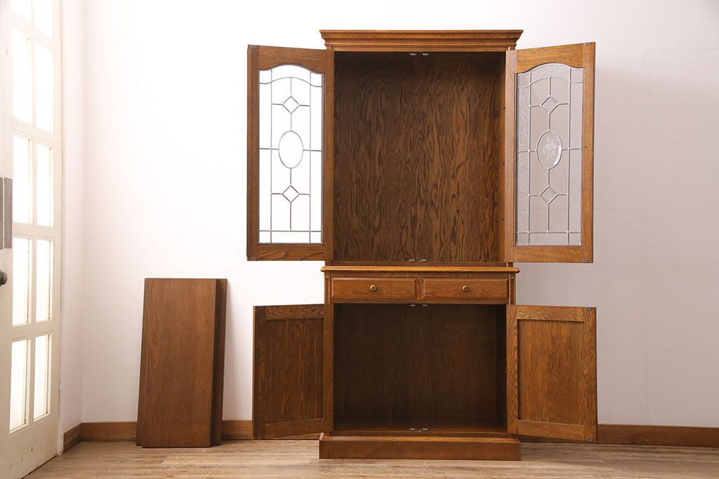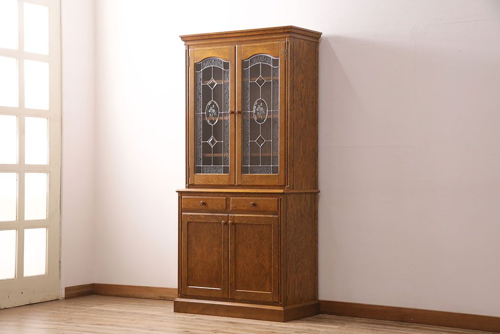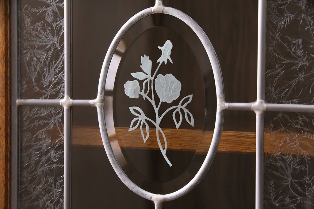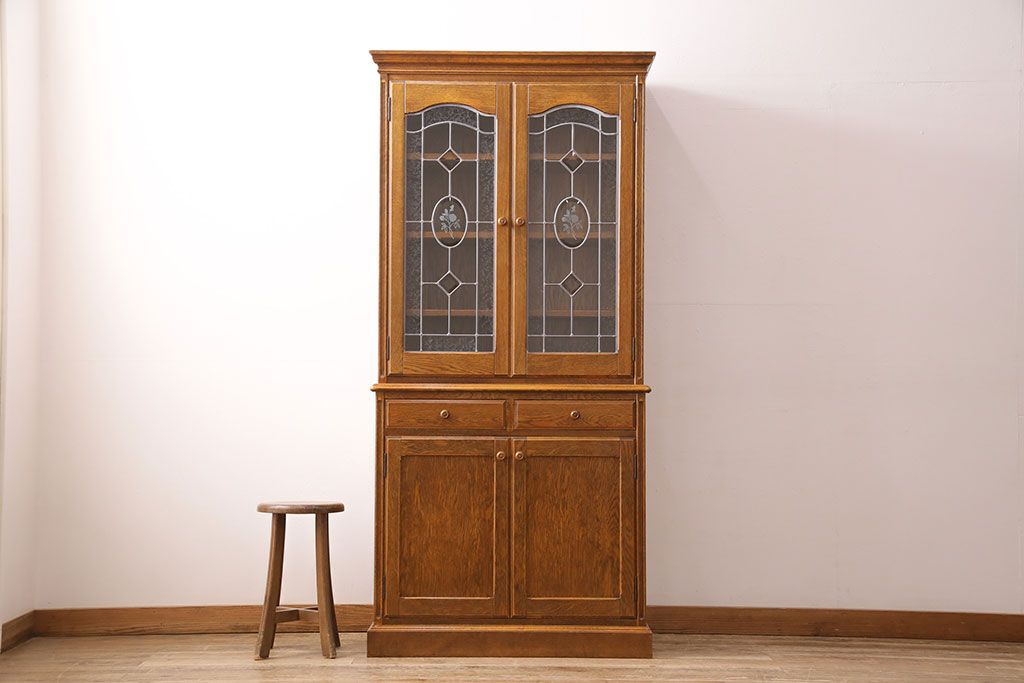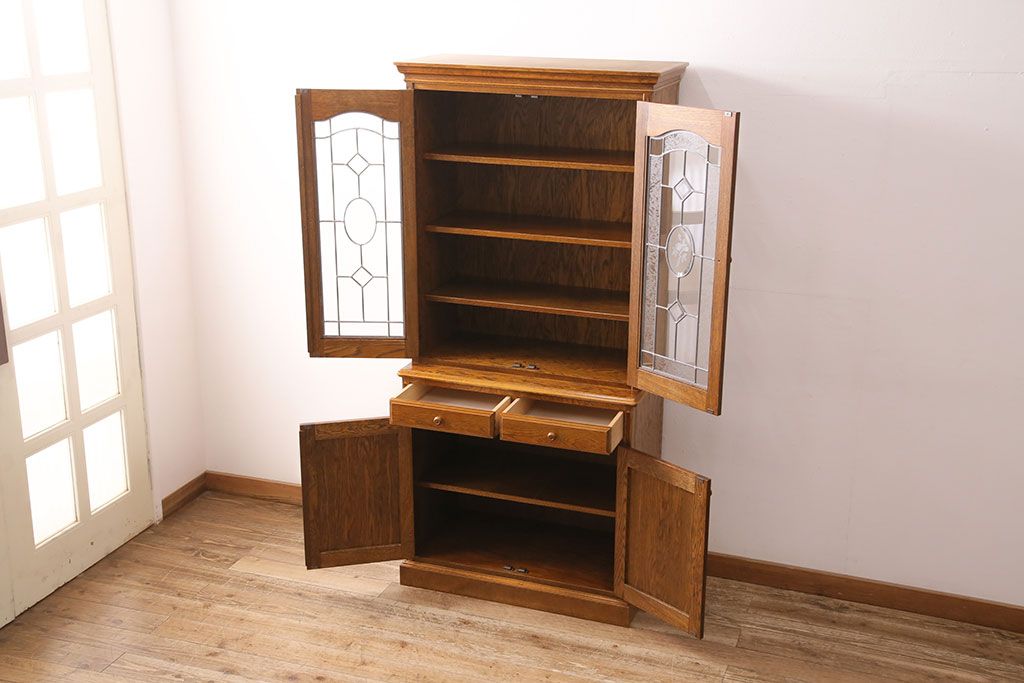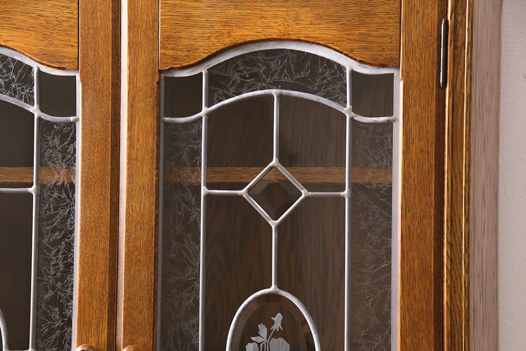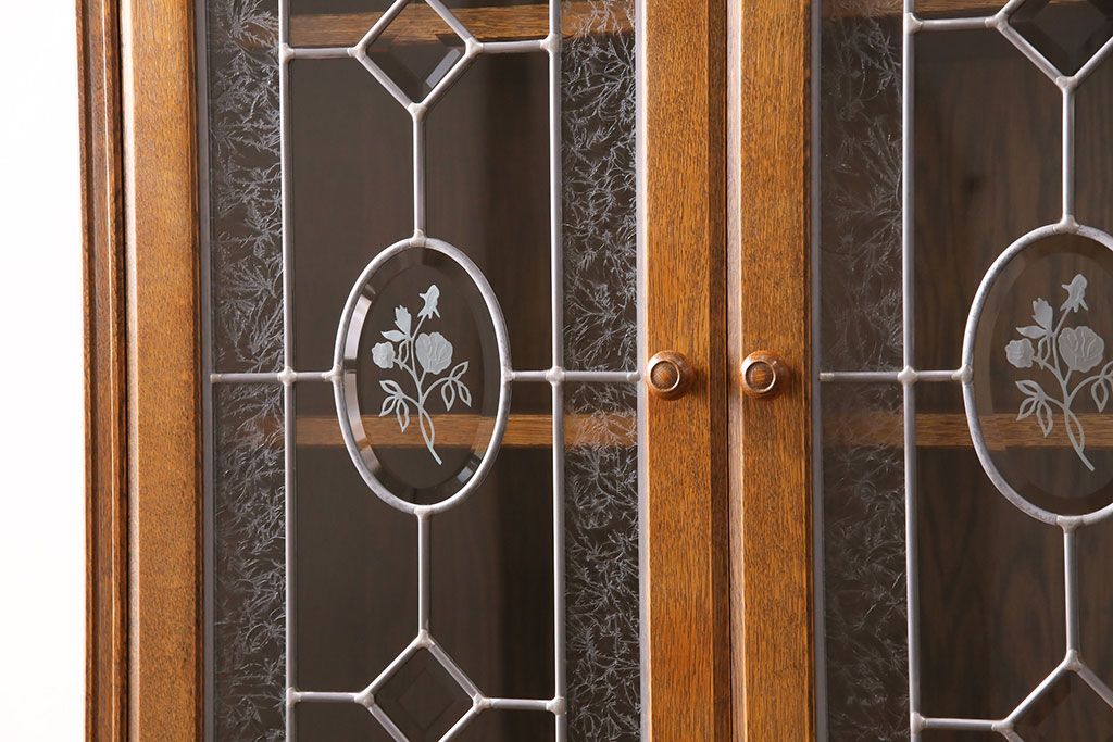 キャビネット・戸棚> 食器棚・カップボード > 中古美品 三越 Brugge VE262 優雅なステンドグラスが魅力的なブルージュシリーズのキャビネット(定価約31万円)(食器棚、カップボード、収納棚)(R-048128)
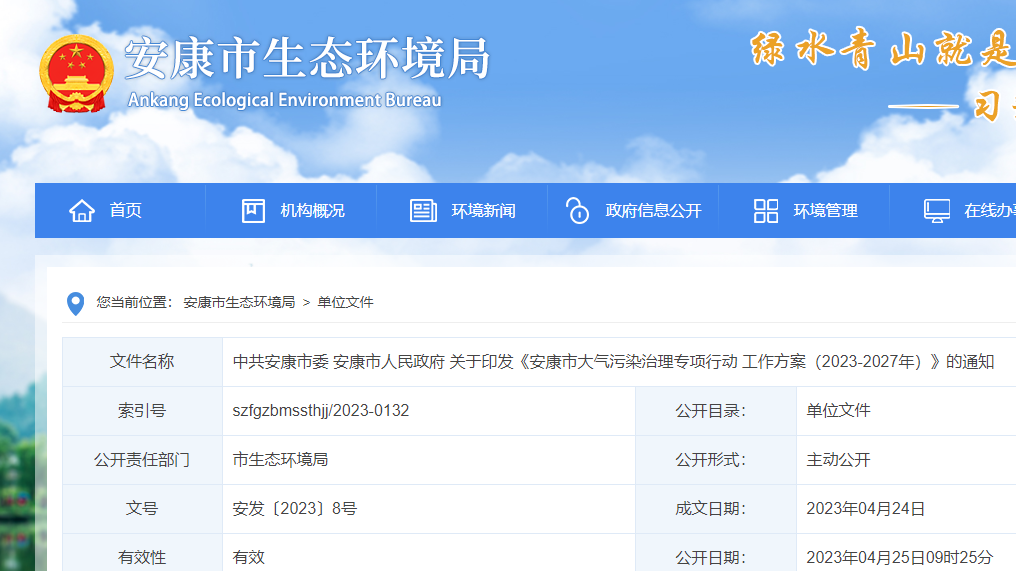中共安康市委、安康市人民政府關于印發《安康市大氣污染治理專項行動工作方案(2023-2027年)》的通知
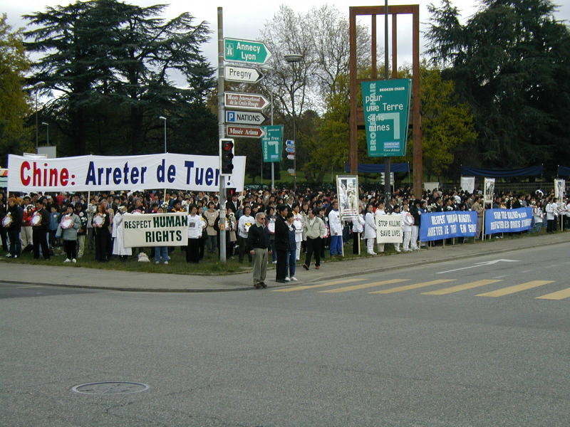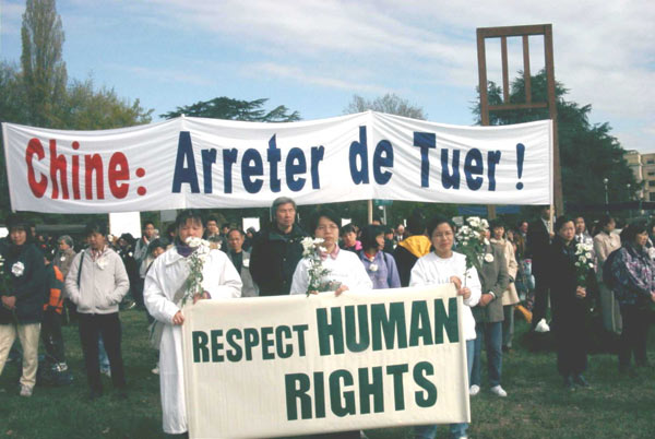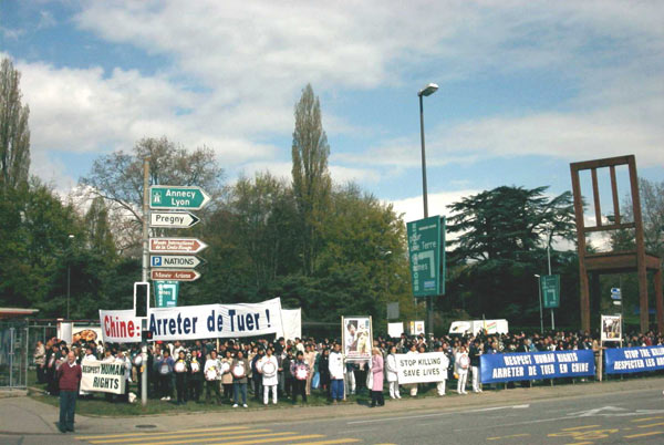 2001年4月18日上午,来自世界20多个国家和地区的800名人士在联合国前的万国广场上静默站立。他们向国际社会呼吁:制止在中国的人权

- - - - -

_Exercise requirements:_
Leave every picture out and print exactly the lines from the one that contains "中共安康市委、安康市人民政府" through the last line of the material above.

_Answer to the problem:_
中共安康市委、安康市人民政府關于印發《安康市大氣污染治理專項行動工作方案(2023-2027年)》的通知
 2001年4月18日上午,来自世界20多个国家和地区的800名人士在联合国前的万国广场上静默站立。他们向国际社会呼吁:制止在中国的人权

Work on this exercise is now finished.